Gibt es für eine Zollschuld mehrere Schuldner, so sind diese gemäß Art. 213 ZK gesamtschuldnerisch zur Erfüllung der Zollschuld verpflichtet. Es steht somit im Ermessen der Zollbehörde, von wem sie die entstandenen Abgaben einfordert. Unter Beachtung des § 20 BAO hat eine solche Ermessensentscheidung nach Billigkeit und Zweckmäßigkeit zu erfolgen, wobei unter "Billigkeit" die berechtigten Interessen der Partei und unter "Zweckmäßigkeit" das öffentliche Interesse zu verstehen ist. Einfluss auf die Ermessensentscheidung haben daher beispielsweise das Naheverhältnis der jeweiligen Personen zur Zollschuldentstehung, die wirtschaftlichen Verhältnisse der betroffenen Parteien, das öffentliche Interesse an der Einbringung der Abgaben sowie die Berücksichtigung einer verwaltungsökonomischen Vorgangsweise. Im gegenständlichen Fall ist davon auszugehen, dass sowohl die Gattin des Bf. als auch der Bf. selbst eine gleich gelagerte "Nähe" zur Zollschuld aufweisen. Während die Gattin des Bf. jene Person darstellt, welche die gegenständliche Ware vorschriftswidrig nach Österreich verbracht hat, würde die Verwendung eines ausländischen unverzollten PKW durch den nunmehrigen Bf. (auf Grund seines gewöhnlichen Wohnsitzes in der Gemeinschaft) den Tatbestand der Zollschuldentstehung auch dann erfüllen, wenn das Fahrzeug unter rechtmäßigen Voraussetzungen in das Zollgebiet der Gemeinschaft verbracht worden wäre.
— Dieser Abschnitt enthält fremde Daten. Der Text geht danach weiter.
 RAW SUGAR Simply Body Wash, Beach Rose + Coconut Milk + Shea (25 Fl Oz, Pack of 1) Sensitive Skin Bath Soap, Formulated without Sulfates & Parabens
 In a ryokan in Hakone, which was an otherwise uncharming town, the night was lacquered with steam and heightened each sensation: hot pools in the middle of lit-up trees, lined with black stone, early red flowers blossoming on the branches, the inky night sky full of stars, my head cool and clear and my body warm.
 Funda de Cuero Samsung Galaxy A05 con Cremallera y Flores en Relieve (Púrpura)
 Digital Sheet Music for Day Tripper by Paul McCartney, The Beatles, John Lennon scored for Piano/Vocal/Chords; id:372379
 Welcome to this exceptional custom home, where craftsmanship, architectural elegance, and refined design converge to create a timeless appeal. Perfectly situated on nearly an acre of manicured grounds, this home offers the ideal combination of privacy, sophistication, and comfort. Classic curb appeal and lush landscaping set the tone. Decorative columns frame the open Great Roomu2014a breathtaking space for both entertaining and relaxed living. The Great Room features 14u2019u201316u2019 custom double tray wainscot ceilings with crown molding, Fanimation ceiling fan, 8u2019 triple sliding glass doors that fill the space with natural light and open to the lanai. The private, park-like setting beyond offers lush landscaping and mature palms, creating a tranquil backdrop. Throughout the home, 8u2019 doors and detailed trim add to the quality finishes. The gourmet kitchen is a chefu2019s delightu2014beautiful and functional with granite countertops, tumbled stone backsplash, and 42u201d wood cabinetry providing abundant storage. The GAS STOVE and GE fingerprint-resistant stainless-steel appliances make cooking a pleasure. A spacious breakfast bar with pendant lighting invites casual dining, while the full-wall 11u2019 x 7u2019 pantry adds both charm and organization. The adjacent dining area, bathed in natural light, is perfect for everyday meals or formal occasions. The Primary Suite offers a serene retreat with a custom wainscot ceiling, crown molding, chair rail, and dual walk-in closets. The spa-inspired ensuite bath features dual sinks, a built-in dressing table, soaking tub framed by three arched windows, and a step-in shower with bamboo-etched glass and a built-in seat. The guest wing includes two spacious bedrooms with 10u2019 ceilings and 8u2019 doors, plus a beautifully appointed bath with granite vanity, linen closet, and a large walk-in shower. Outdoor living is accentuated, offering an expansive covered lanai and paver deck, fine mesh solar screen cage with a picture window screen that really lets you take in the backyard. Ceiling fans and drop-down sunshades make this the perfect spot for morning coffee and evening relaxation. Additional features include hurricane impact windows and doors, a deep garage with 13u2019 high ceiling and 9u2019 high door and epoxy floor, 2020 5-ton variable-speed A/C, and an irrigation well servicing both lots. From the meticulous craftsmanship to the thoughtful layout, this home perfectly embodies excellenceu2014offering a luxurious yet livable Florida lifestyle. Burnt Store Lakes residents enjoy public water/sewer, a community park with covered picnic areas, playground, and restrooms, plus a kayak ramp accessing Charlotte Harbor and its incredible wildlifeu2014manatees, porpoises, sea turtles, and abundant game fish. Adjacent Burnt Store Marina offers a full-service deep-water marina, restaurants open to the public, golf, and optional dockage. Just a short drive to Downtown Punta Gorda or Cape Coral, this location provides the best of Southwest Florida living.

Folglich wäre für den Bf. auch dann die Zollschuld entstanden, wenn seine Gattin ihren gewöhnlichen Wohnsitz außerhalb der Gemeinschaft innegehabt hätte. Zu den wirtschaftlichen Verhältnissen der Abgabenschuldner wird ausgeführt, dass laut Angaben anlässlich der niederschriftlichen Einvernahmen vom 27. Juli 2001 vor dem Hauptzollamt Wien als Finanzstrafbehörde I. Instanz, die Gattin des Bf. über kein eigenes Einkommen verfügt, wobei hingegen der Bf. als Angestellter einen regelmäßigen Monatslohn bezieht. Im Hinblick auf das Gebot der Sparsamkeit, Wirtschaftlichkeit und Zweckmäßigkeit der Vollziehung sowie unter dem Gesichtspunkt der Einbringlichkeit ist es rechtmäßig, in Anwendung des Auswahlermessens dem Bf. die Eingangsabgaben im Rahmen des Gesamtschuldverhältnisses vorzuschreiben.

Es war daher, wie im Spruch ausgeführt, zu entscheiden.